It is informative to understand the distributions of the difference in per capita tort losses between 2004 and 2006 as these distributions will shed light on the efficacy of tort reforms that had been recently instituted around that time period (Crain et al., 2009). Treating each state-based observation within each year as an independent single-unit sample with its own unique parametrization, we examined the difference in losses between the two years. We did so by utilizing the following model specification:

\frac{g_{i} (x)}{g (x)} = e^{α_{i} + β_{i} x}; i = 1, \dots, 50

(3.1)

where $x$ represents the per capita difference in tort losses between 2004 and 2006 (specifically the tort losses of the former year subtracted from the latter year).
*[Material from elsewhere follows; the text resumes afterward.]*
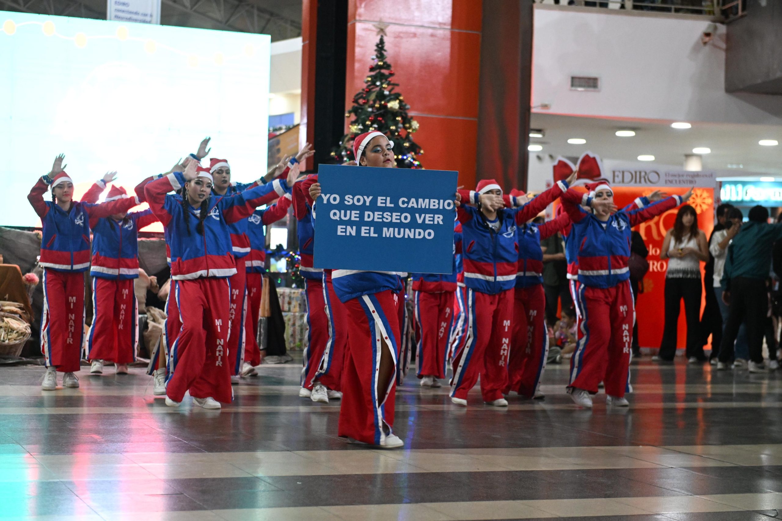Luego, el ballet ‘Compañías Danzantes’, del ministerio de Turismo y Cultura, puso en escena su espectáculo de los ‘50 Festivales de San Luis’, un muestra de cueca y chacarera puntana que invita a seguir descubriendo sus paisajes, recorrer sus senderos compartir sus sabores y conocer de cerca la historia y cultura de sus comunidades. Al finalizar, el público recibió abolarios navideños.

We let $α_{i} \sim N (μ_{α}, 1)$ and $β_{i} \sim N (μ_{β}, σ_{β}^{2})$ as we did in Section 2. By enabling our model's coefficients to vary across the states, we enable our model to capture state-level heterogeneity. As each state's tort laws do not impact other states, we are able to simplify our problem by assuming statistical independence amongst $α_{i}$ and $β_{i}$ . We estimated the marginalized distribution after using simulated data from a standard normal distribution as a reference in a manner similar to that of the out of sample fusion techniques used in recent research (Dayaratna, 2014; Katzoff et al., 2014; Kedem et al., 2014; Zhou, 2012). The marginalized distribution represents the overall distribution of all 50 states regarding differences in tort losses between 2004 and 2006. From this distribution, we were able to compute the probabilities of reductions in tort losses, which better enable us to the efficacy of tort reforms instituted during the time period.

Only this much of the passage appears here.